Sixty-five years later the UK and France are at it again, but this time lashing out at each other in a no less childish game of blackmail, deceit and retribution. Should London and Paris really apply the kind of pressure against each other that one would expect from Moscow and Beijing? Have we lost our common sense and the ability to prioritise the larger challenges that face us both?

To borrow language used during the Cuban missile crisis of October 1962, it is high time to “de-escalate”. As the world confronts the prospect of a new cold war between China and the US, Paris and London need each other more than ever. But neither seems aware of the irresponsible nature of the skirmishes in which they are indulging.

These squabbles range from irregular migration across the Channel to fisheries, from the British effort to rewrite the Brexit agreement on Northern Ireland to the secretly planned Aukus pact between Australia, the UK and the US that so offended the French. Each side appears more determined to feed a growing appetite for confrontation than search for compromise.

The international context makes plain the immaturity of London and Paris. Chinese pressure on Taiwan intensifies by the day. President Vladimir Putin’s Russia blackmails Europe on energy. Yet the British and French are engaging in a war of words, if not of deeds, that seems to duplicate the tensions between western democracies and their despotic rivals to the east.

To put it bluntly, France ought not to threaten to deprive the Channel island of Jersey of electricity when Putin does the same with gas towards the entire European continent. For its part, the UK should not be playing populist cards in a blatant and offensive manner that leaves Paris with little choice but to reply in kind.

How can London and Paris not be ashamed of the ridiculous and totally irresponsible deterioration of their bilateral relationship? When the building is on fire, differences among the tenants are less important than the urgency of addressing the broader causes of the conflagration. France and the UK still describe each other as cousins and neighbours. What has happened to common sense, rationality and pragmatism on both sides of the Channel?
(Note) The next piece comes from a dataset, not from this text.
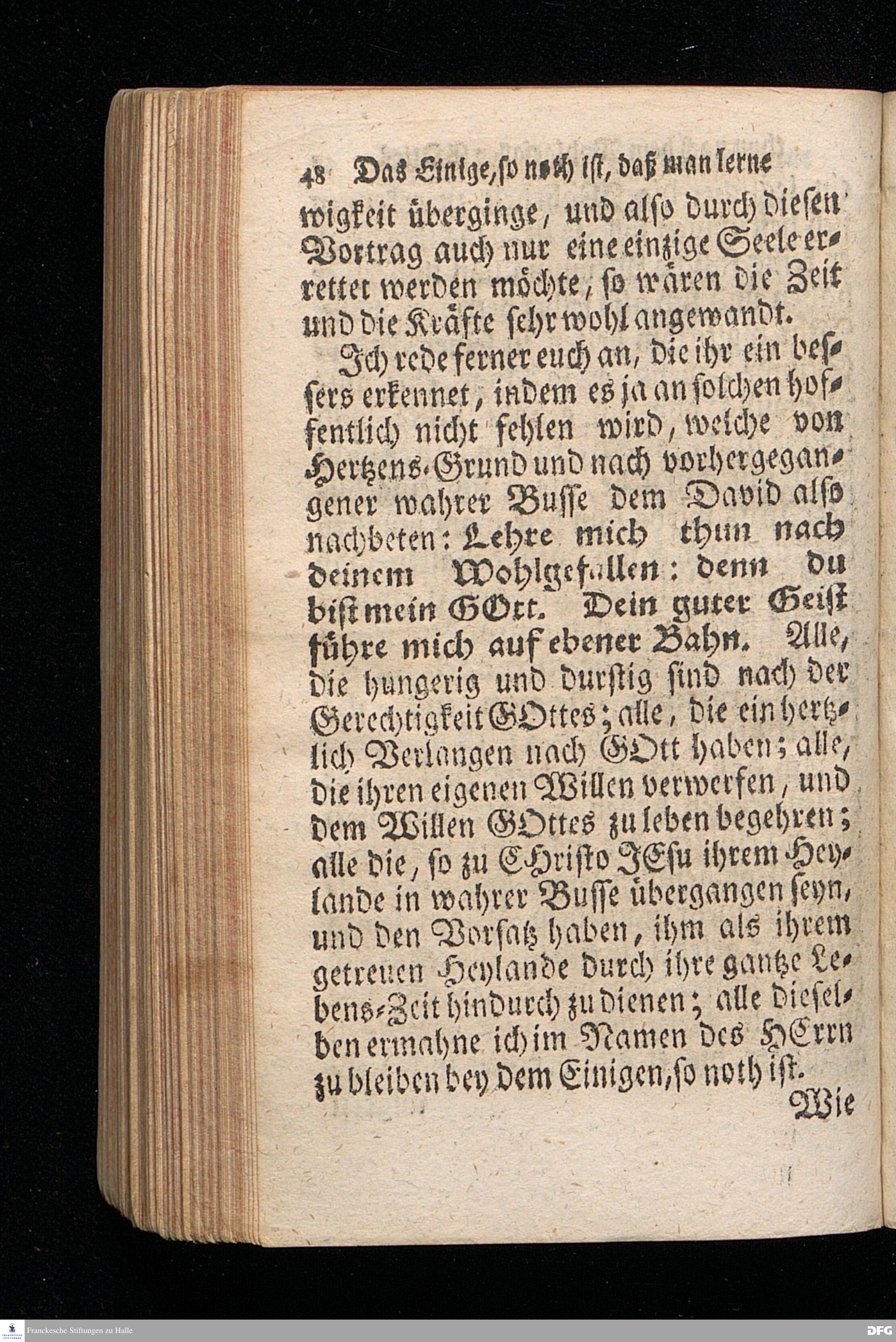 Das Einige, so noth ist, daß man lerne thun nach dem Wohlgefallen GOttes, In einer Am Sonntage Cantate 1721. aus den Worten Ps.143,10. Lehre mich thun nach deinem Wohlgefallen: denn du bist mein GOtt. Dein guter Geist führe mich auf ebener Bahn; Mit Genehmhaltung der Hochlöbl.Theol.Facultät zu Jena in der Collegen=Kirche gehaltenen Predigt vorgestellet von August Herr[!]mann Francken, S.Th.Prof.Past.Vlr.& Gymn.Schol. Andere Auflage. HALLE, in Verlegung des Waysenhauses. 1724.
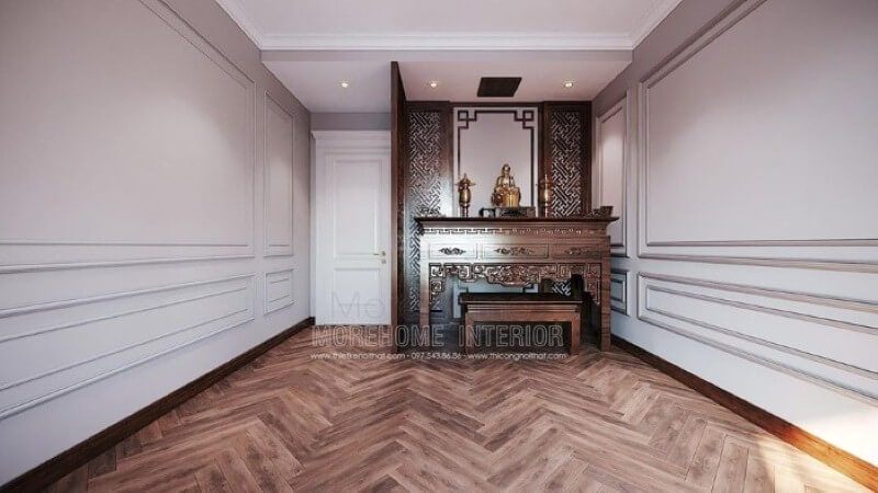 Tủ thờ kết hợp vách ngăn gỗ đẹp tạo nét trang trọng cho phòng thờ chung cư, biệt thự, nhà phố.

And why now, precisely when geopolitics demands a stronger sense of unity and solidarity between nations that share common democratic values? Doubtless it is an unfortunate coincidence that the UK happens to be governed by Boris Johnson, a provocative and confrontational prime minister, just when France is preparing to hold presidential elections in April. It is a case of the wrong man at the wrong time.

Or rather, the wrong men — for President Emmanuel Macron also likes to play with fire, and he too can be unnecessarily provocative and confrontational, as demonstrated recently in his dealings with Algeria. As London escalates its provocations, Macron and his government do not want to be seen as soft by French citizens.

It is so easy in our time of social media, fake news and professional political agitators to resuscitate the worst in the complex bilateral relationship between the two most traditionally arrogant countries of Europe.

Seen from Paris, the British provocations seem all the more out of touch with reality, given that London’s absolute reliance on Washington is viewed as a dangerous wager. Should the British really put all their eggs in the American basket, when the former superpower looks so fragile and so domestically polarised — in short, so untrustworthy?

During the Brexit negotiations, London tried to apply a strategy of “divide and rule” in its dealings with the EU. It failed then. Can it succeed now?

In his recent speech delivered in Portugal — the UK’s oldest ally on the continent — Lord David Frost was at it again, implying that the countries of central Europe were closer to London and Washington than to Paris and Berlin on critical strategic issues. He may have a point there. Macron’s France, in its firm stance towards the UK, may be more isolated in the EU than it was a few years ago.

At the end of the day, however, only Moscow and Beijing will benefit from these “divide and rule”, short-term political tactics. It is therefore urgent for London and Paris to return to sanity in their dealings with each other.